Here’s What Travel Agents Can Do to Protect From Fraudsters

by Richard D'Ambrosio
Here’s What Travel Agents Can Do to Protect From Fraudsters


The ease that fraudsters can hack into a travel agent’s business was on full display at a general session at the ASTA General Convention in San Diego last month.

In a discussion led by ASTA’s Mark Meader, Teddy Lindsey, CTO of cyber security firm Ntrepid, asked attendees how many of them had logged on to the “ASTAFreeWifi” connection on their phones or laptops.

Hands went up across the hundreds of attendees.

Lindsey then began to read off the names of smartphones he could see on his phone, as he had set the router up to benignly ensnare attendees in order to make his point.

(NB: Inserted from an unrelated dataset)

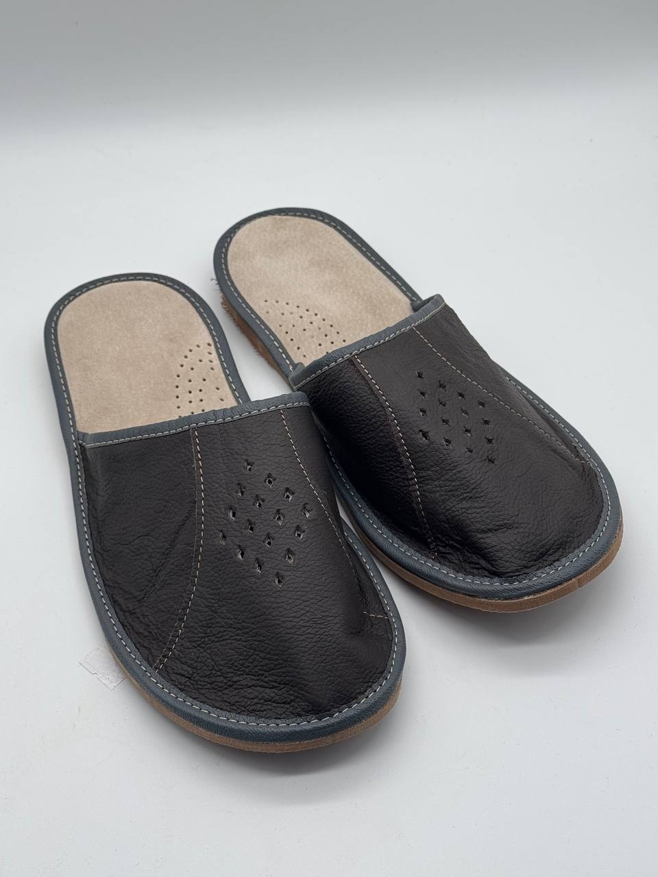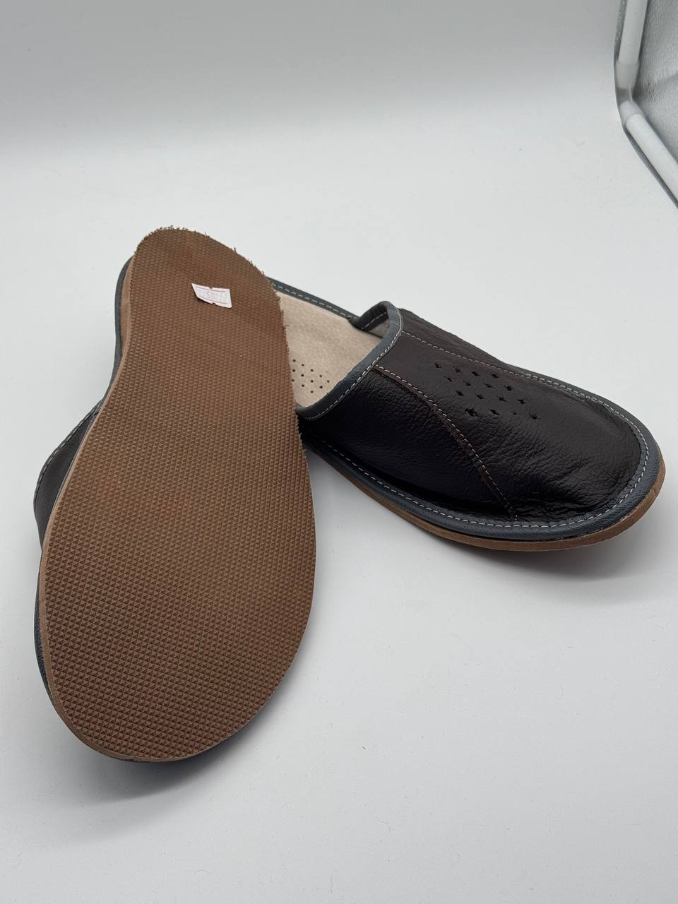 Натуральные кожаные тапочки, изысканная и комфортная обувь, изготовленная из высококачественной натуральной кожи. Они обеспечивают отличную вентиляцию, позволяя ногам дышать, и очень удобны для ежедневного ношения. Мягкая подкладка дарит чувство комфорта, а гибкая подошва обеспечивает надежную поддержку. Такие тапочки сочетают стиль и функциональность, что делает их идеальными для дома или отдыха.

“What could have been happening, is that your phone was going out to check email, and that traffic was being redirected to one of their servers,” Lindsey said. Anything in those emails, including business critical and confidential information, credit card numbers, or ID information like passport details, would then be in the hands of people with malintent.

“It should be concerning for the traveler and for you, the travel advisor,” he said.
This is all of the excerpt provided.